DESCRIPTION OF THE TASK.
Starting at the first line of the entries below, please return exactly each line up to and including the one with "சேர்மங்களின் அமைப்பு, அதன்"; pictures stay out.

Recorded data

----------

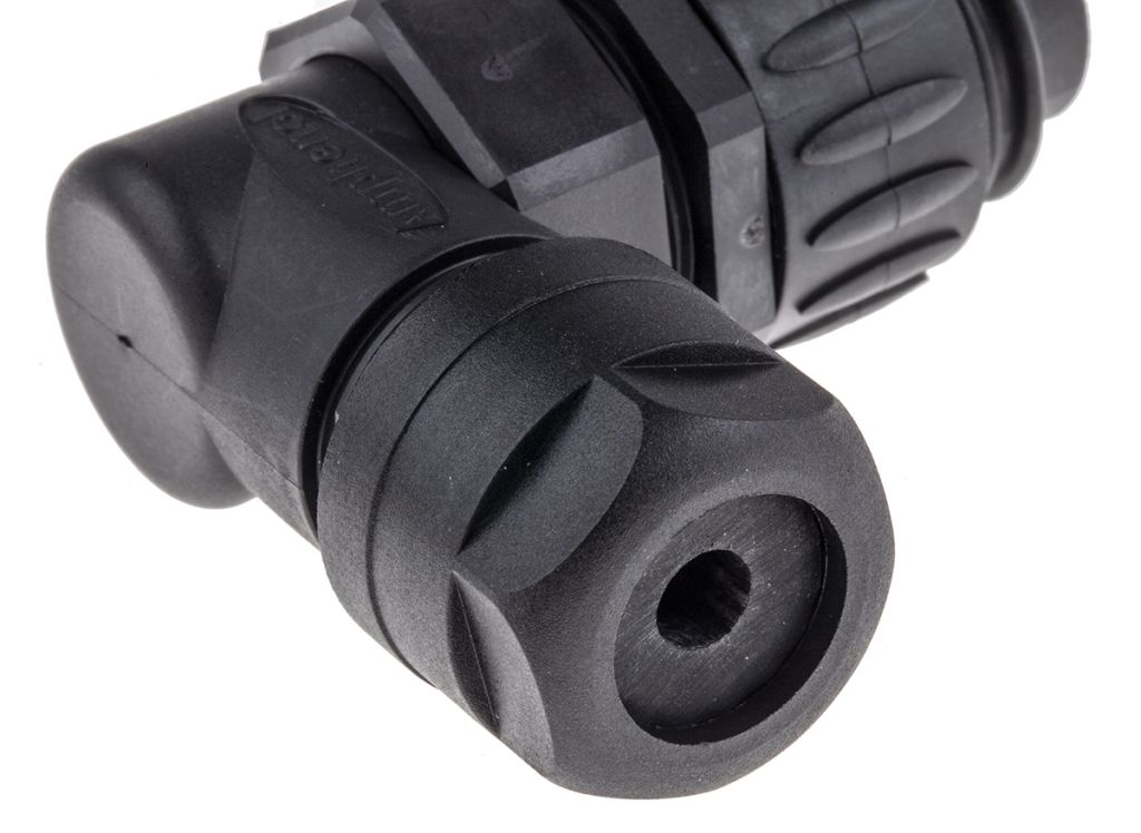 From Amphenol, these right angle Eco Mate series circular connectors have a compact and robust design, with a screw lock connection that meets the high requirements of industrial technology applications. The 90° Eco Mate circular connectors are easy to assemble and are supplied with fittings which include strain relief, mounted gaskets, cable glands and clamping rings. The screwed cable gland has a robust thread for a secure connection.
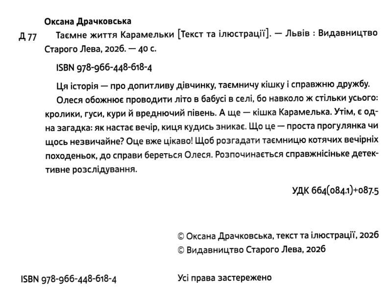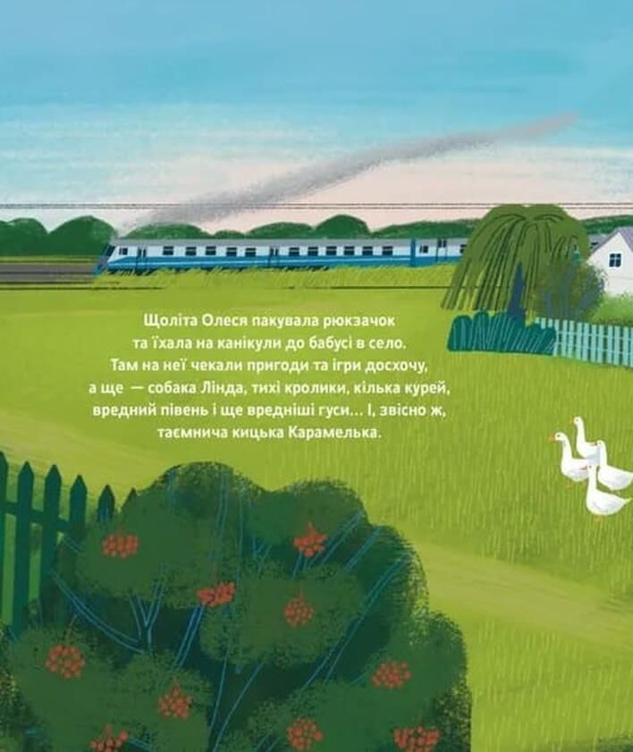 Олеся обожнює проводити літо в бабусі в селі, бо навколо ж стільки усього: кролики, гуси, кури й вреднючий півень. А ще — кішка Карамелька. Утім, є одна загадка: як настає вечір, киця кудись зникає. Що це — проста прогулянка чи щось незвичайне? Оце вже цікаво! Щоб розгадати таємницю котячих вечірніх походеньок, до справи береться Олеся. Розпочинається справжнісіньке детективне розслідування.
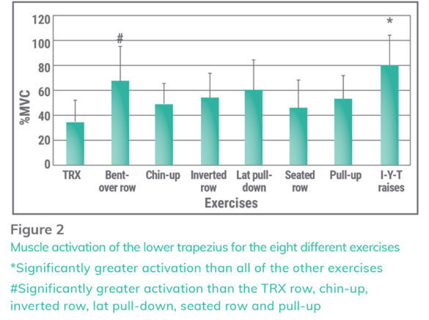 2. Низ трапеций: Максимально активировали IYT-подъемы, на втором месте тяга в наклоне, остальные 6 упражнений значительно отставали.
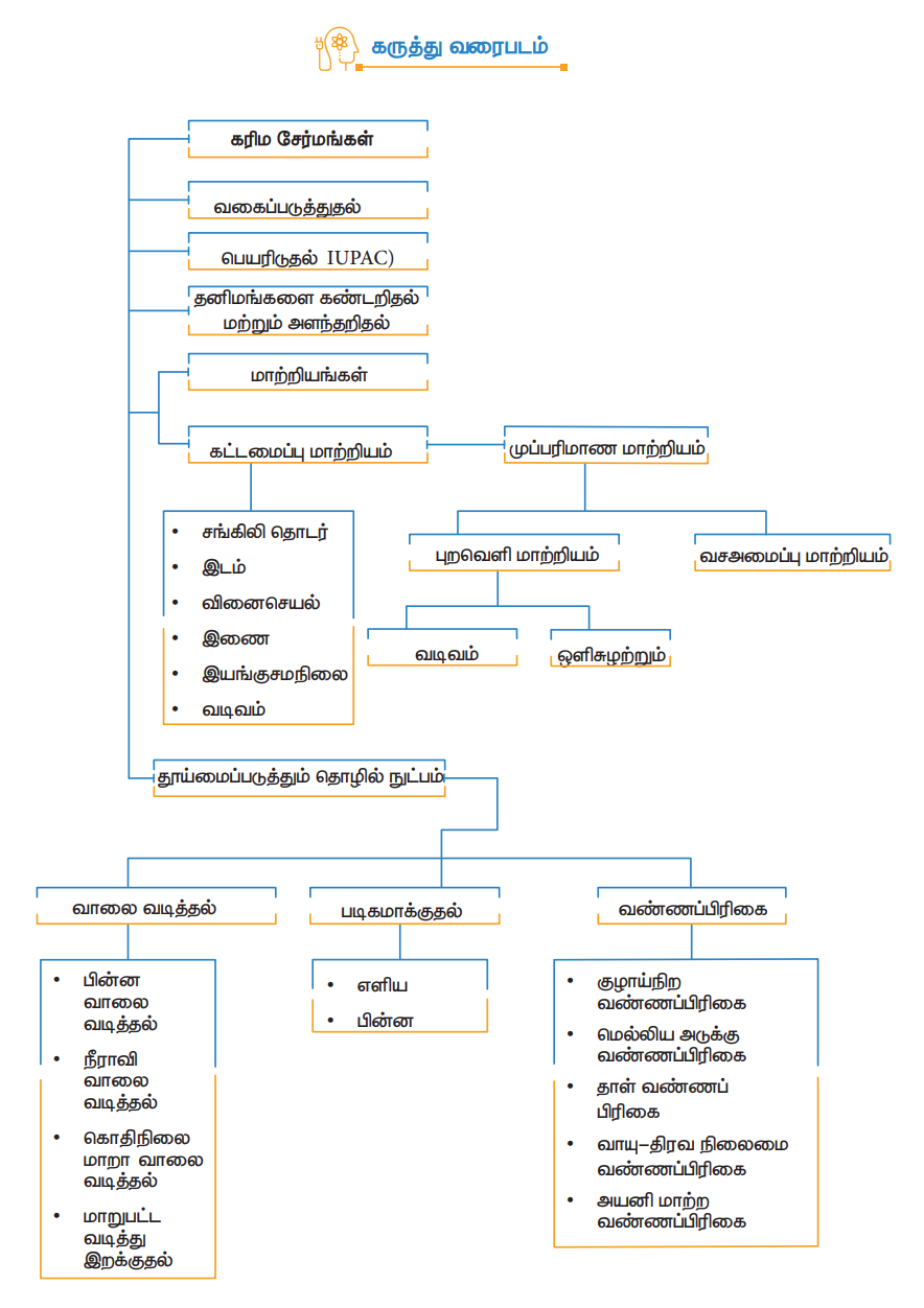 சேர்மங்களின் அமைப்பு, அதன் இயற் பண்புகள், வேதிப் பண்புகள் மற்றும் உயிரிப் பண்புகளை பற்றி அறிய அச்சேர்மங்கள் அவற்றின் தூய நிலையில் இருப்பது அவசியமாகிறது. கரிமச் சேர்மங்களைத் தூய்மை செய்ய பல முறைகள் உள்ளன. கரிம சேர்மத்தில் அடங்கியுள்ள மாசுக்களின் தன்மை மற்றும் கரிமச் சேர்மத்தின் தன்மையைச் சார்ந்து பயன்படுத்தப்படவேண்டிய முறை தீர்மானிக்கப்படுகிறது. கரிமச் சேர்மங்களை பிரித்தெடுக்க மற்றும் தூய்மைப்படுத்த பெரும்பாலும் பயன்படுத்தபடும் முறைகளாவன அ) படிகமாக்குதல் ஆ) பதங்கமாக்குதல் இ) வாலைவடித்தல் ஈ) பின்னவாலை வடித்தல் உ) நீராவியால் வாலை வடித்தல் ஊ) கொதி நிலை மாறா வாலைவடித்தல் (Azeotropic Distillation) எ) வகையீட்டு வாலைவடித்தல் ஏ) வண்ணப்பிரிகை முறை
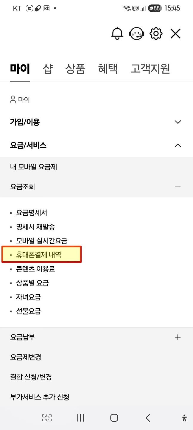 요금 조회를 이용해 휴대폰 결제내역을 참고하면 되겠어
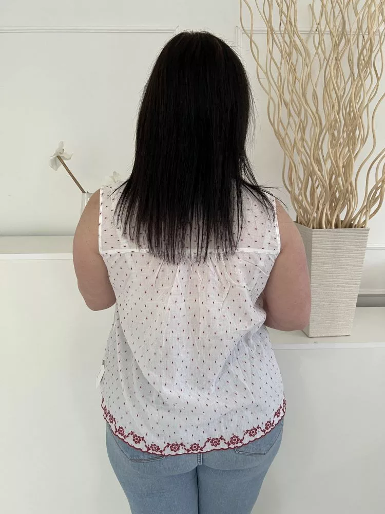 M&Co (M) Fehér Piros Hímzett Mintás, Elől Nyakban Gombos Enyhén Áttetsző, 98% Pamut Alapanyagú Felső
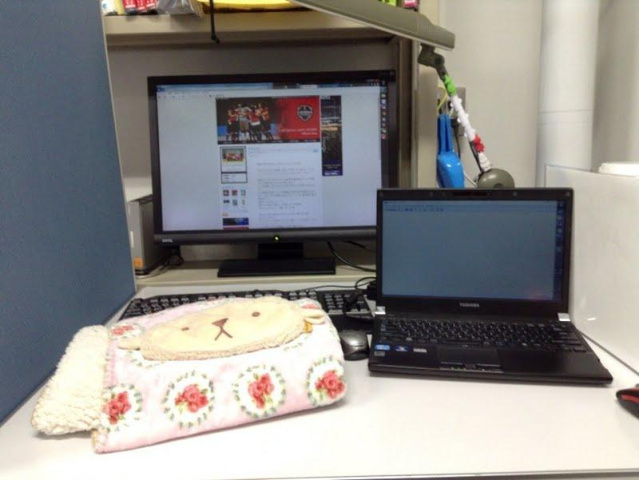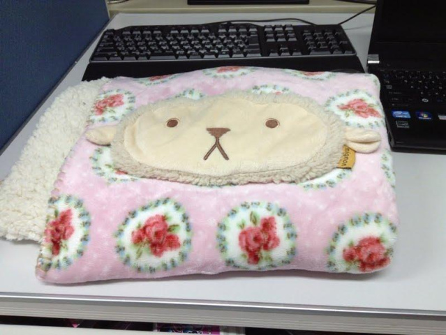 同期にもらった暖かい膝掛けと、アイピローをお供に頑張っています。
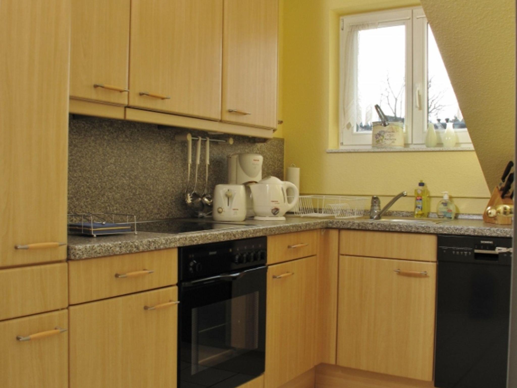 * die separate Küche, komplett ausgestattet (4 Platten-Cerankochfeld, Backofen, Mikrowelle, Kühlschrank mit 3*TK-Fach, Geschirrspüler, Wasserkocher, Kaffeemaschine, Toaster) mit vielen liebevollen Details versehen. Hier erwartet Sie nach der langen Reise eine Erfrischung.
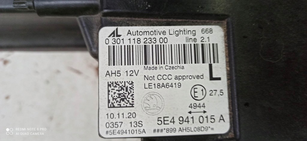 | Número de pieza | LÁMPARA OCTAVIA IV DELANTERA IZQUIERDA FULL LED 5E4941015A EU 992941572CD |
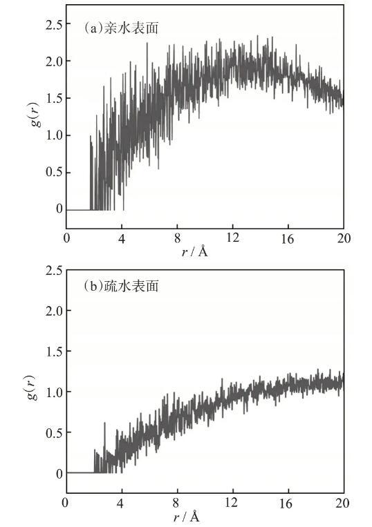 為了進一步揭示鼠李糖脂分子與親水、疏水表面之間的相互作用以及成鍵模式,計算了鼠李糖脂分子與不同潤濕性表面的徑向分布函數[g(r)]。計算以動力學模擬1000 ps后的穩定結構為基礎,結果如圖5所示。對于親水表面,鼠李糖脂分子距離1.3~2.0?的范圍內出現了明顯的峰,表明分子與該表面在此范圍內有新鍵生成,作用力較強。這主要是由于親水表面的羥基基團與鼠李糖脂親水環之間存在氫鍵作用。2.0?之后的峰主要由范德華力和靜電作用形成,從而產生了較高的吸附結合能(E=29.7 eV)。對于疏水表面,g(r)在2.0?之內均沒有明顯的峰,說明疏水表面與鼠李糖脂分子之間并沒有氫鍵生成,只有范德華力和靜電相互作用等弱作用力。這是由于疏水表面的十八烷基長鏈分布松散,與鼠李糖脂分子的相互作用較弱,在界面處疏水基團與鼠李糖脂分子間形成薄層空隙,導致結合能較低(E=12.2 eV)。
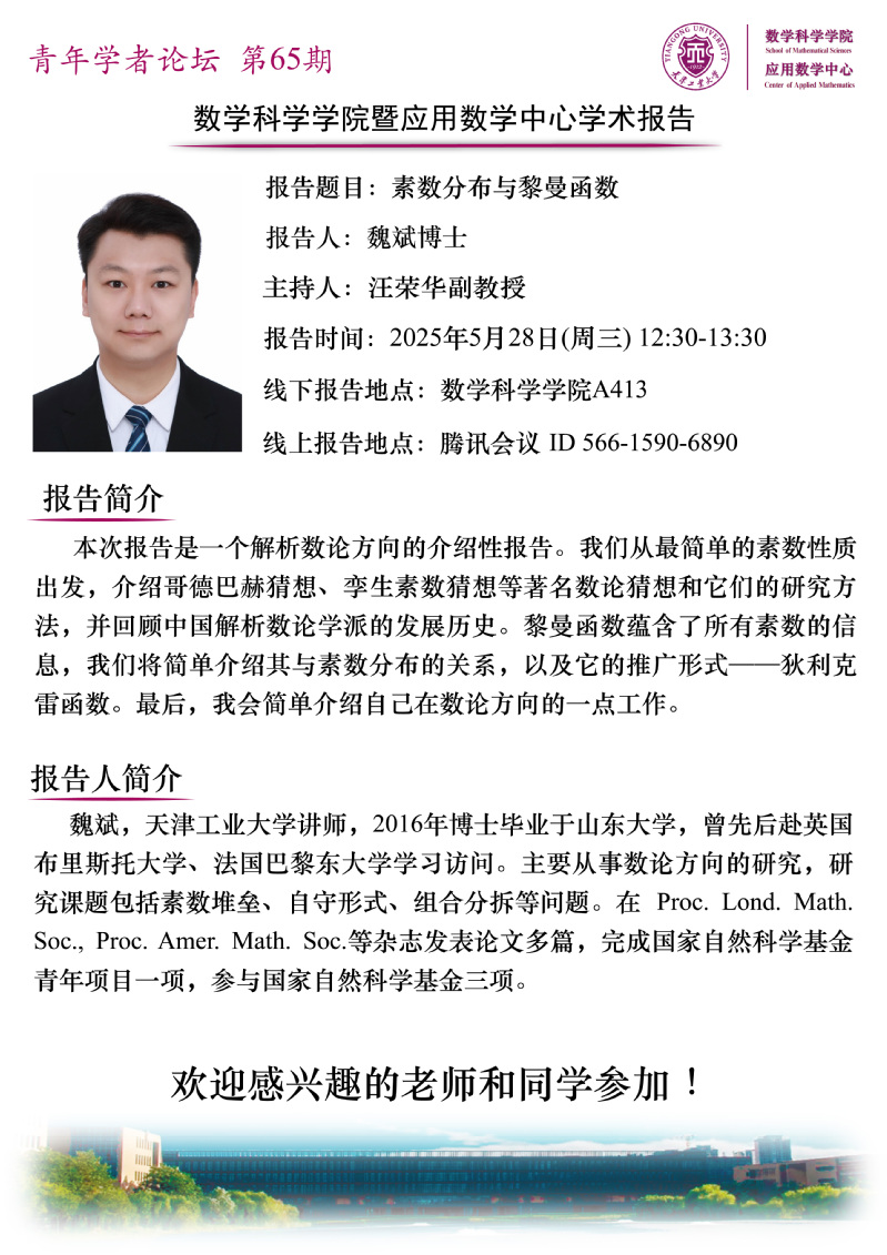 天津工业大学数学科学学院学术报告(青年学者论坛第65期)
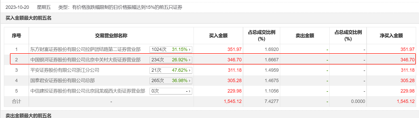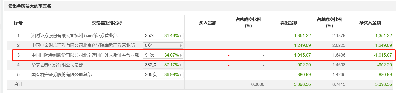 比如,中金公司北京建国门外大街营业部在“交易异动成交营业部榜单”上屡次出没。该营业部在2023年10月20日卖出238万元,2024年1月23日卖出1015.07万元,1月25日卖出2189.62万元,同时买入924.13万元。
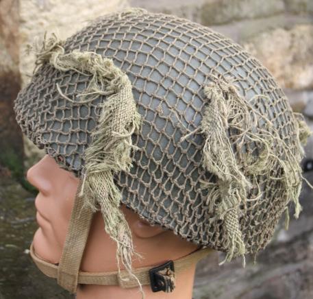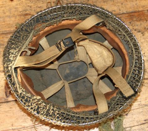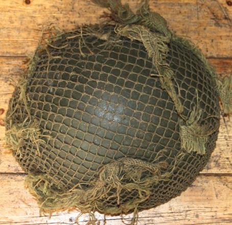 Good huge size 8. Shell retaining almost all it's drab paint finish. Net good. Good liner, top pad etc. The khaki 2nd pattern straps good but with one field repair to one end, ( see pics ).
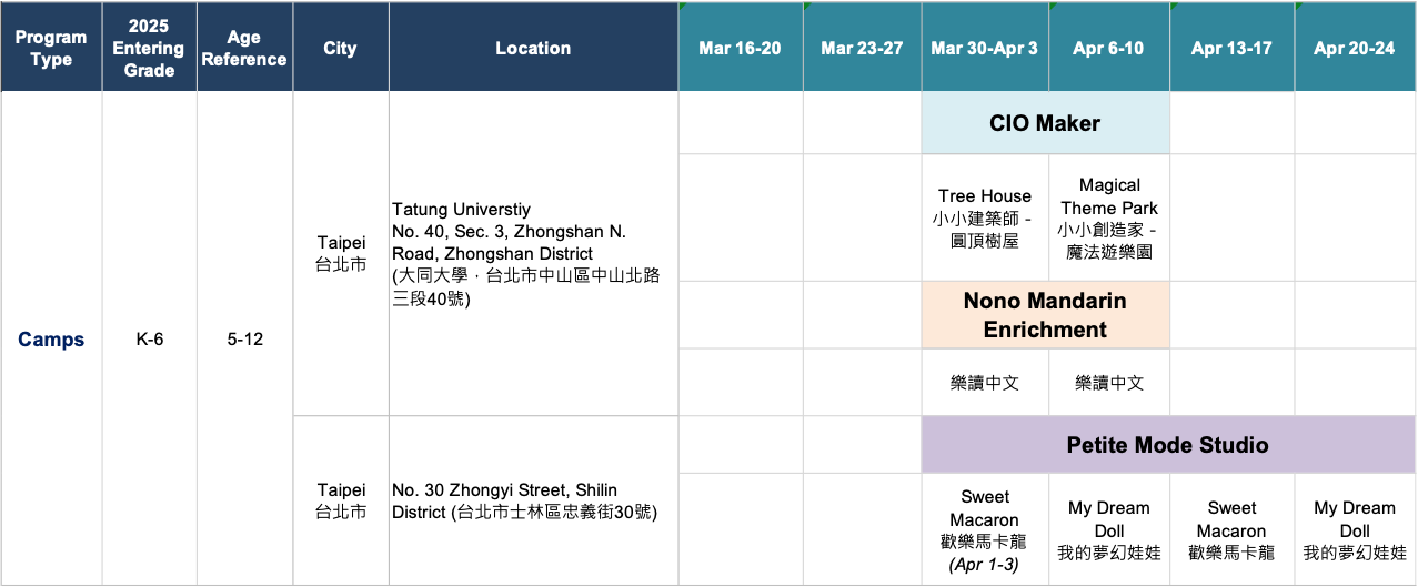 N.B. Any related travel and accommodations costs you incurred for your trip to Taiwan are NOT part of the camp booking fees and will NOT be refunded in the event of camp cancellation, either by you or us.
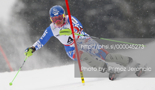 : Veronika Velez Zuzulova of Slovakia skiing in first run of women slalom race of FIS Alpine skiing World Championships in Schladming, Austria. Women slalom race of FIS Alpine skiing World championships Schladming 2013, was held in Schladming, Austria, on Saturday, 16th of February 2013.
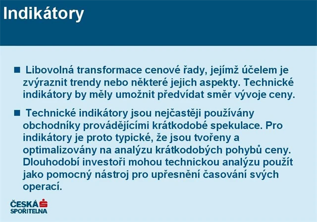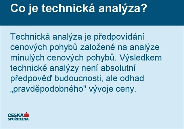 Technická analýza je předpovídání cenových pohybů založené na vyhodnocení předchozích cenových pohybů. Seznamte se se základními termíny a postupy technické analýzy v přehledné prezentaci.
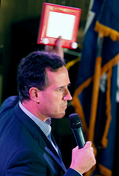 Sau khi phía Romney so sánh việc chuyển từ tranh cử nội bộ qua tranh cử với Tổng Thống Obama là việc “xóa tấm Etch-A-Sketch làm lại từ đầu,” ứng cử viên Rick Santorum, trong hình, bắt đầu dùng món đồ chơi này làm biểu tượng rằng Romney không tin tưởng được, tiện đâu nói đấy chỉ để kiếm phiếu chứ không thật lòng. (Hình: AP Photo/Bill Haber)
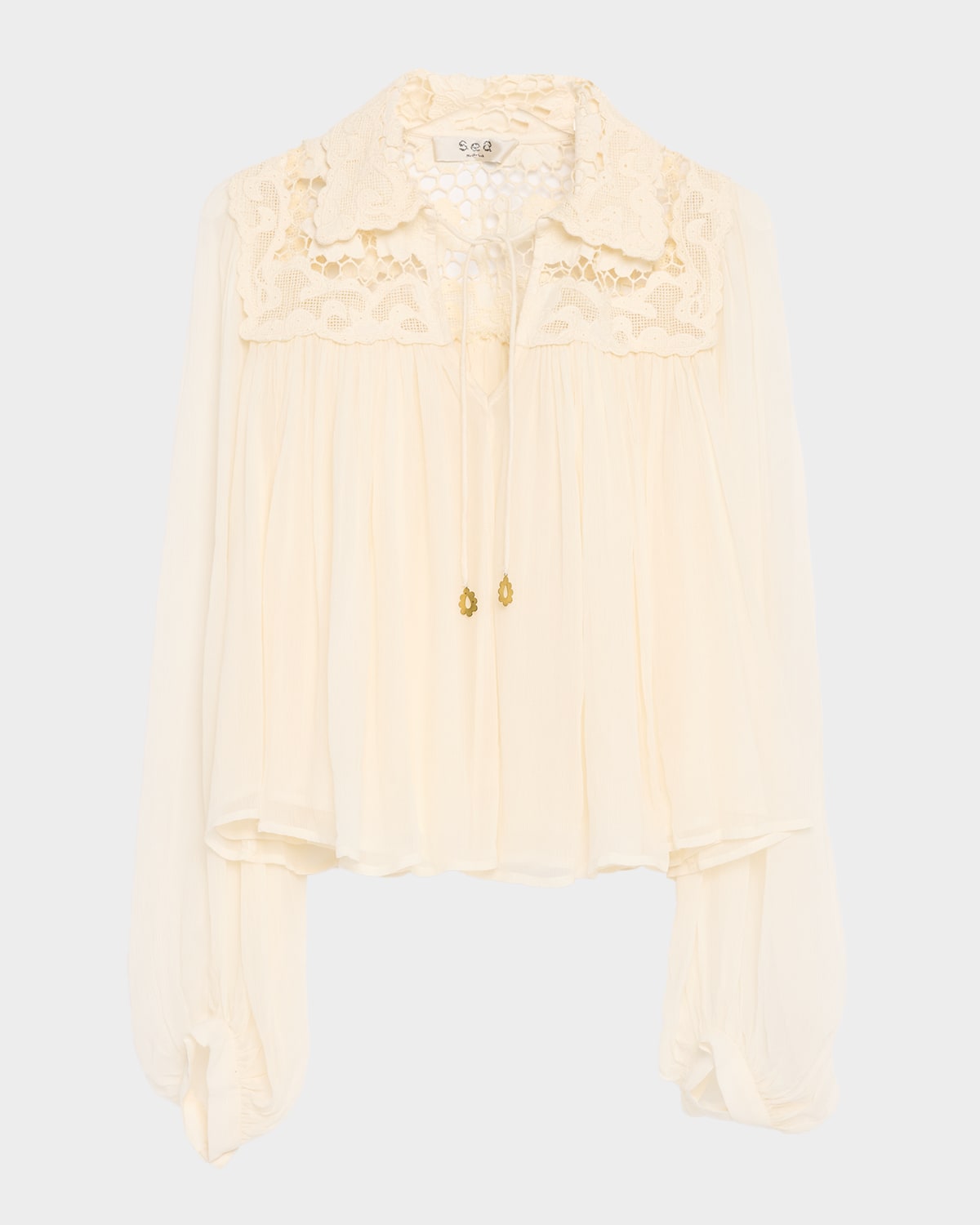 Sea "Daphne" cottongauze top finished with a lace embroidered collar and yoke Selftie V neckline Long sleeves; approx. 25"L Classic fit Hem falls to the hip Pullover style Cotton/viscose/polyester Dry clean Imported
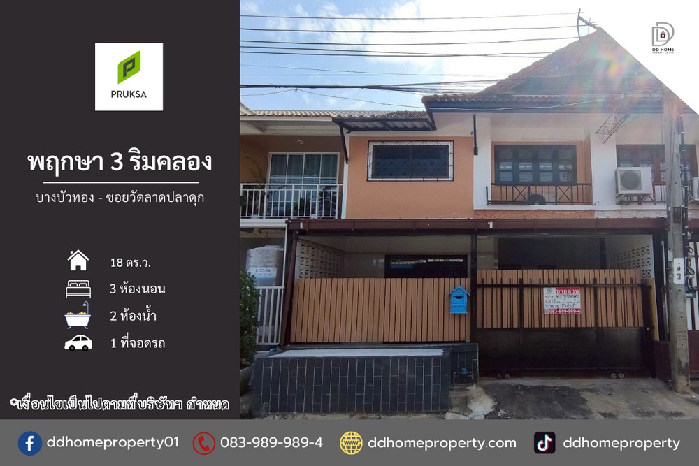ดีดี โฮม พร็อพเพอร์ตี้ ดีดี โฮม พร็อพเพอร์ตี้ขายหมู่บ้านพฤกษา3ริมคลอง บางบัวทอง ซอยวัดลาดปลาดุก (DD002280)

----------

TASK RESULT.
 From Amphenol, these right angle Eco Mate series circular connectors have a compact and robust design, with a screw lock connection that meets the high requirements of industrial technology applications. The 90° Eco Mate circular connectors are easy to assemble and are supplied with fittings which include strain relief, mounted gaskets, cable glands and clamping rings. The screwed cable gland has a robust thread for a secure connection.
 Олеся обожнює проводити літо в бабусі в селі, бо навколо ж стільки усього: кролики, гуси, кури й вреднючий півень. А ще — кішка Карамелька. Утім, є одна загадка: як настає вечір, киця кудись зникає. Що це — проста прогулянка чи щось незвичайне? Оце вже цікаво! Щоб розгадати таємницю котячих вечірніх походеньок, до справи береться Олеся. Розпочинається справжнісіньке детективне розслідування.
 2. Низ трапеций: Максимально активировали IYT-подъемы, на втором месте тяга в наклоне, остальные 6 упражнений значительно отставали.
 சேர்மங்களின் அமைப்பு, அதன் இயற் பண்புகள், வேதிப் பண்புகள் மற்றும் உயிரிப் பண்புகளை பற்றி அறிய அச்சேர்மங்கள் அவற்றின் தூய நிலையில் இருப்பது அவசியமாகிறது. கரிமச் சேர்மங்களைத் தூய்மை செய்ய பல முறைகள் உள்ளன. கரிம சேர்மத்தில் அடங்கியுள்ள மாசுக்களின் தன்மை மற்றும் கரிமச் சேர்மத்தின் தன்மையைச் சார்ந்து பயன்படுத்தப்படவேண்டிய முறை தீர்மானிக்கப்படுகிறது. கரிமச் சேர்மங்களை பிரித்தெடுக்க மற்றும் தூய்மைப்படுத்த பெரும்பாலும் பயன்படுத்தபடும் முறைகளாவன அ) படிகமாக்குதல் ஆ) பதங்கமாக்குதல் இ) வாலைவடித்தல் ஈ) பின்னவாலை வடித்தல் உ) நீராவியால் வாலை வடித்தல் ஊ) கொதி நிலை மாறா வாலைவடித்தல் (Azeotropic Distillation) எ) வகையீட்டு வாலைவடித்தல் ஏ) வண்ணப்பிரிகை முறை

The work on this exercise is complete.